Another simple practice to add to Breath Awareness practice once you have found a more peaceful state, is to take the awareness into your jaw and tongue, and soften the area of the jaw and tongue. The great Yoga master Iyengar noted that if we soften our jaws and tongues the body will naturally follow because the jaw and the tongue when tight is our first indicator that there is stress and tightness in other areas of the body.

I have taught my yoga students over the years that we must practice being the silence in the midst of noise. It is equivalent to the pause in between notes within a music score. Without the pauses in between the notes, the music becomes just noise. It is the pause between the notes, the momentary silence that allows music to be created. As humans we must create the pauses within our lives, become the silence between the noises that is all around the world. When we practice being silent, practicing simple self care practices, such as Breath Awareness, while being mindful of our thought patterns and our speech, we find that our lives are more akin to music rather than the surrounding noise.

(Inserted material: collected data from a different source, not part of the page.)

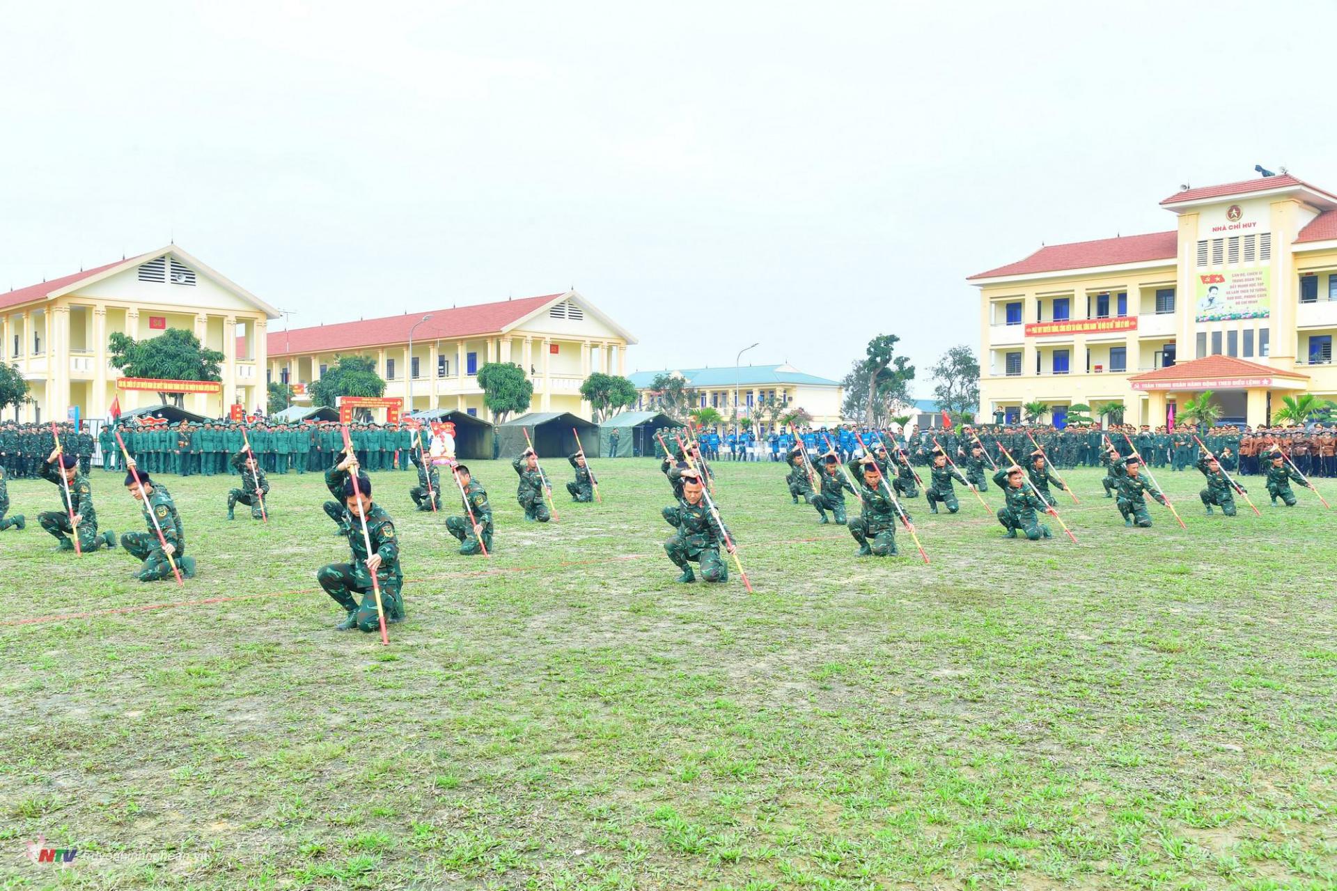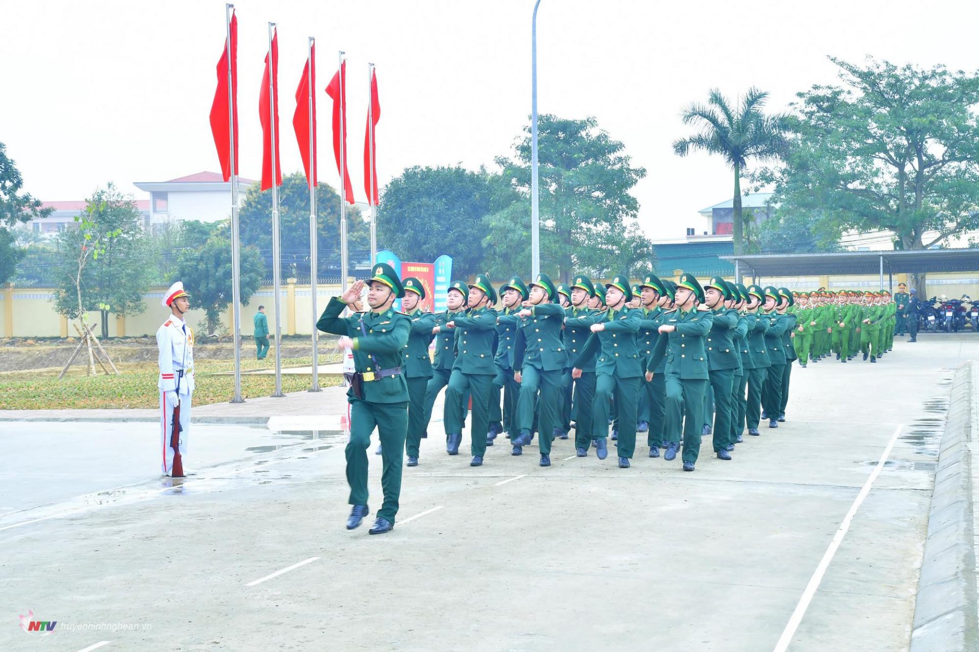 | Khối lực lượng Dân quân tự vệ huyện Hưng Nguyên tham gia buổi tổng duyệt cho lễ ra quân huấn luyện. |
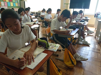 1年生は国語で「漢字を見抜く練習」という教材を学習しました。いくつかの漢字を使った問題について考えていました。
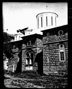 Part of a series of images taken by F.W. Hasluck during the course of his visit to Mount Athos in 1911. The original description in the SPHS register reads: "Athos: Chiliandári: well house & church".
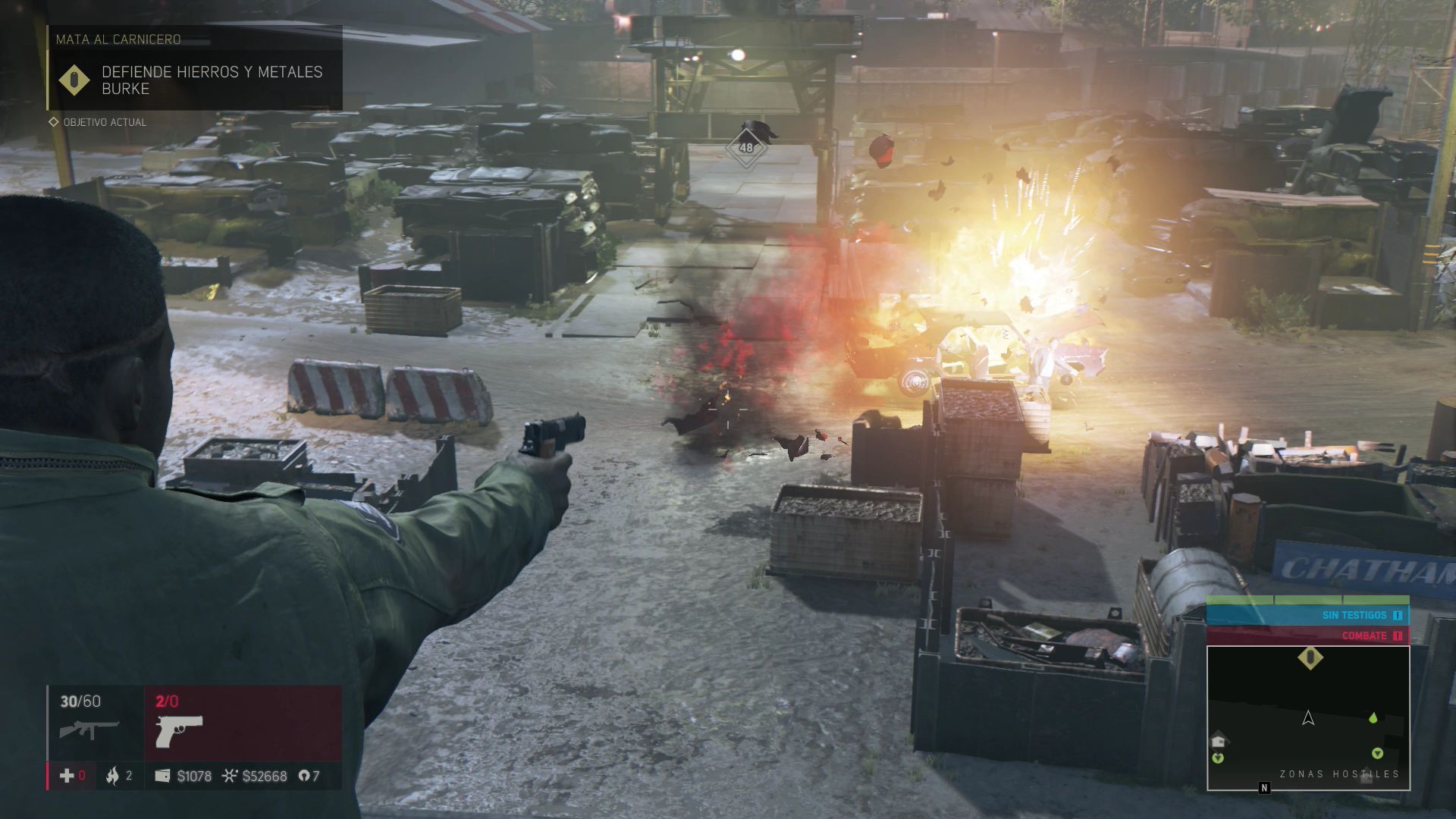 Al llegar al desguace tendrás una escena y tras ella comenzará un asalto al desguace. Equípate el rifle francotirador que ves en la zona y acaba con todos los enemigos que vayan apareciendo en la zona.
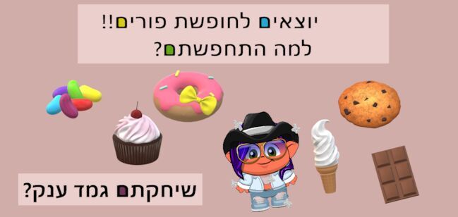 אני עשיתי גמד וענק ואני הכי אוהבת עוגיית שוקולדצ'יפס והתחפשתי לעוגי פלצת!! |
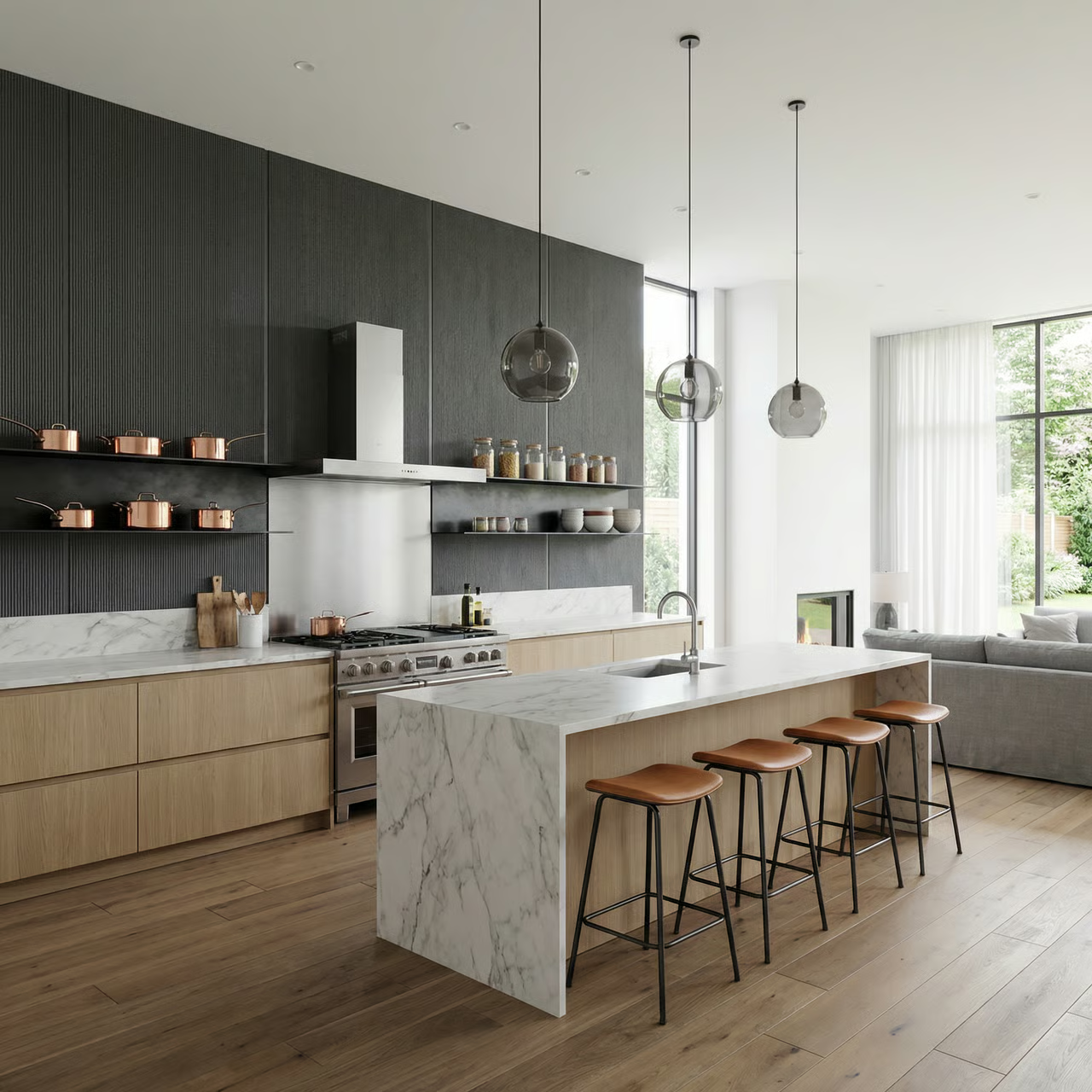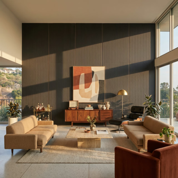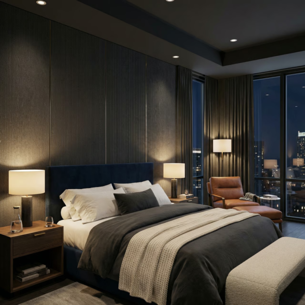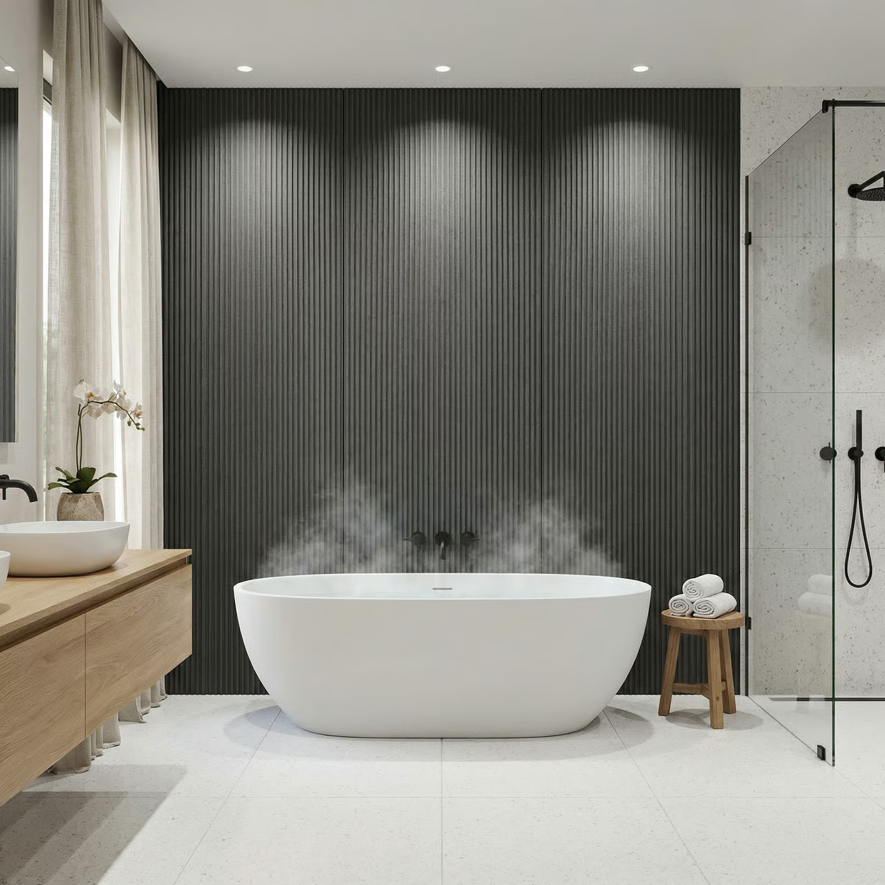 Panel ścienny BOLD Mineral Grafit o wymiarach 3000×1200 mm to nowoczesny materiał wykończeniowy w stylu industrialnym. Wykonany z kompozytu kwarcowo-polimerowego wytłaczanego pod wysokim ciśnieniem, łączy trwałość z estetyką surowego betonu. Charakterystyczna pionowa struktura z głębokimi żłobieniami odwzorowuje naturalne minerały w odcieniu ciemnego grafitu. Grubość zaledwie 7 mm pozwala na montaż bez znaczącej ingerencji w przestrzeń.

We also find ourselves in a state of peace which can be cultivated through the present storm we are all waiting and hoping, and praying for it to pass, soon.

In summary, we need to practice changing our negative perspectives into more positive ones. We need to practice seeing the blessings surrounding us, that simple practice alone fills our hearts with gratitude which has positive effects on the body.

We need to practice Shraddha/Surrender to God or Faith, as it too, has the ability to bring lightness to our hearts, and cultivates peace during uncertain times. My mother used to say, “When life gives you too big of things to comprehend, put it in, “God’s To-Do Box.”

We need to practice watching our thoughts and our speech, because our actions are born out of our thoughts and our thoughts are directly linked to our bodies, and we know that negative thoughts can have adverse effects on our minds, bodies, and spirits.

We need to practice Breath Awareness, everyday, in these times of being inundated by devastatingly sad news. It is our bridge to a more peaceful mind and body.

Lastly, check in with the jaw area, the tongue, and soften those areas, it is our indicator that tells us through the body in a subtle way whether there is stress in the body, or if it is relaxed.

These are simple practices, in very complicated times, just know, you’re not alone, Even Yogis Get The Blues, and it is self care that will at the end of each day help to keep peace within your minds, bodies, and spirits.